START DATA EXCERPT

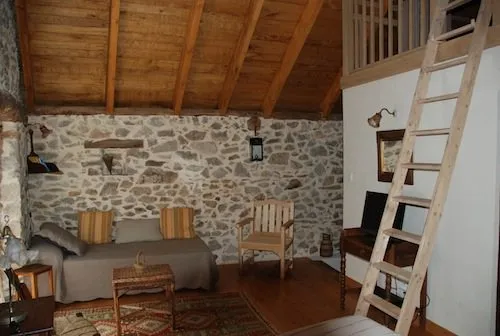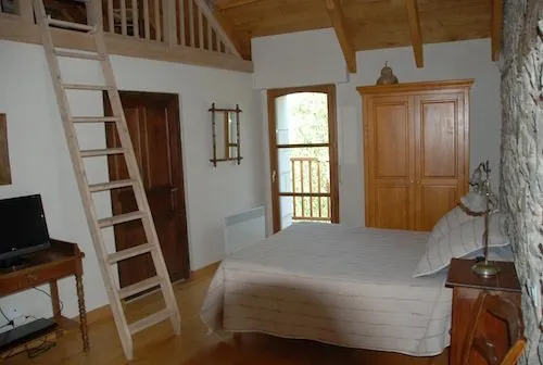 A l’étage : une chambre spacieuse de 24 m² avec charpente et pierres apparentes. Elle comprend un lit de 140, un lit de 90 et une armoire avec étagère et penderie, balcon avec vue sur la vallée, une salle de bains avec douche, lavabo, sèche-serviettes électrique, WC. Une petite mezzanine peut accueillir un couchage supplémentaire. TV et lecteur DVD. Wi-Fi.
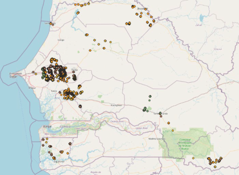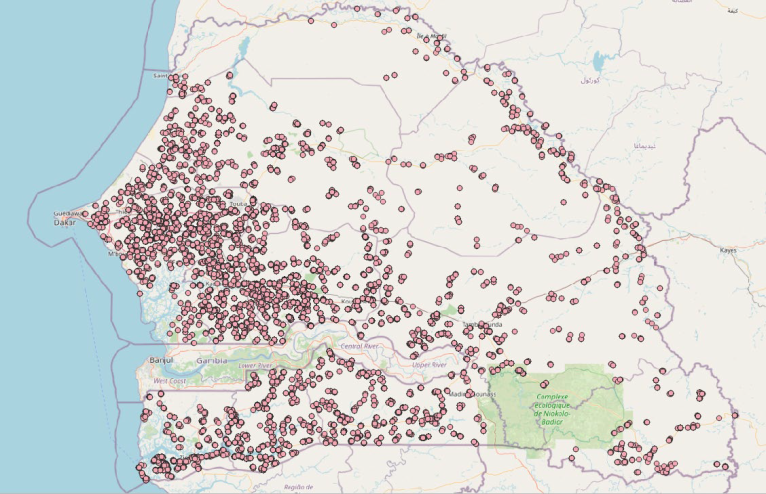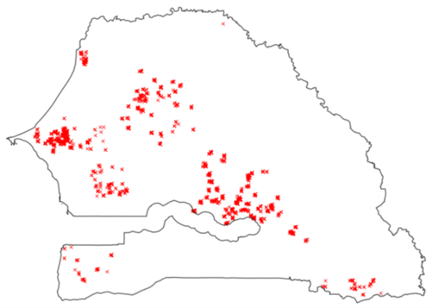 Parcels’ area is also measured with GPS and this measured area is then reported manually in the survey questionnaire available on the tablet. Unfortunately, the GPS traces are not systematically archived – only a subset of them are kept for quality control by the supervision team at DAPSA. A subset of these traces, mainly located between Touba and Thiès, was also shared by DAPSA (Figure 10.2).
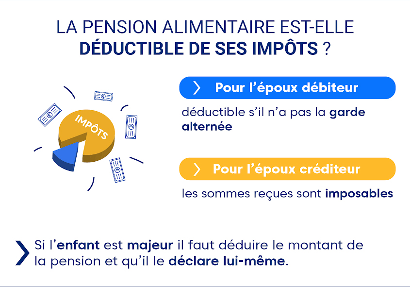 Pour le parent qui verse la pension, elle peut être déductible des impôts sous certaines conditions. Pour celui qui la reçoit, elle peut être imposable.
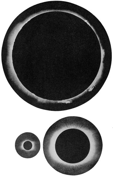 Of the two kinds of photographic plates, the wet and the dry, the dry plates are much more convenient in the field, and are good for certain purposes. The objections to them are that the rough granulations of the gelatin film sometimes overpower the fine details13 of the corona itself; they burn out very near the disk by over-exposure while the faint outer extensions are being taken. Wet plates having the requisite quickness are harder to prepare, but are smoother and hold the coronal rays better from the base to the outer edge, and there is always plenty of time to give the necessary exposure. The No. 26 Seed plate requires from 0.5 to14 2.0 seconds only, generally one second being about right; the wet plate will take the corona in eight seconds or less. The best time of exposure should be tested on a bright star of about the second magnitude, by trial before the eclipse. There is no rule about the photographic focus, except to discover it by a series of exposures at different distances near the supposed point. Eclipse work is a practical matter, and many rough-and-ready methods must necessarily be admitted. A good lens in a wooden light-tight tube, supported at each end, having the motion of the sun, the photographic focal plane carefully determined, the time exposures very short, and, finally, exceedingly slow development of the picture after the eclipse—these form the prime requisites. Expensive telescopes, clockwork on heavy iron piers, reflecting mirrors, and such like apparatus are not needed. Ingenuity in practical details, with great anxiety about the essential matter of the light itself, is what is needed for a successful eclipse expedition.

END DATA EXCERPT

TASK GOAL:
Apart from the pictures, restate all of the listing above exactly.

ANSWER BELOW:
 A l’étage : une chambre spacieuse de 24 m² avec charpente et pierres apparentes. Elle comprend un lit de 140, un lit de 90 et une armoire avec étagère et penderie, balcon avec vue sur la vallée, une salle de bains avec douche, lavabo, sèche-serviettes électrique, WC. Une petite mezzanine peut accueillir un couchage supplémentaire. TV et lecteur DVD. Wi-Fi.
 Parcels’ area is also measured with GPS and this measured area is then reported manually in the survey questionnaire available on the tablet. Unfortunately, the GPS traces are not systematically archived – only a subset of them are kept for quality control by the supervision team at DAPSA. A subset of these traces, mainly located between Touba and Thiès, was also shared by DAPSA (Figure 10.2).
 Pour le parent qui verse la pension, elle peut être déductible des impôts sous certaines conditions. Pour celui qui la reçoit, elle peut être imposable.
 Of the two kinds of photographic plates, the wet and the dry, the dry plates are much more convenient in the field, and are good for certain purposes. The objections to them are that the rough granulations of the gelatin film sometimes overpower the fine details13 of the corona itself; they burn out very near the disk by over-exposure while the faint outer extensions are being taken. Wet plates having the requisite quickness are harder to prepare, but are smoother and hold the coronal rays better from the base to the outer edge, and there is always plenty of time to give the necessary exposure. The No. 26 Seed plate requires from 0.5 to14 2.0 seconds only, generally one second being about right; the wet plate will take the corona in eight seconds or less. The best time of exposure should be tested on a bright star of about the second magnitude, by trial before the eclipse. There is no rule about the photographic focus, except to discover it by a series of exposures at different distances near the supposed point. Eclipse work is a practical matter, and many rough-and-ready methods must necessarily be admitted. A good lens in a wooden light-tight tube, supported at each end, having the motion of the sun, the photographic focal plane carefully determined, the time exposures very short, and, finally, exceedingly slow development of the picture after the eclipse—these form the prime requisites. Expensive telescopes, clockwork on heavy iron piers, reflecting mirrors, and such like apparatus are not needed. Ingenuity in practical details, with great anxiety about the essential matter of the light itself, is what is needed for a successful eclipse expedition.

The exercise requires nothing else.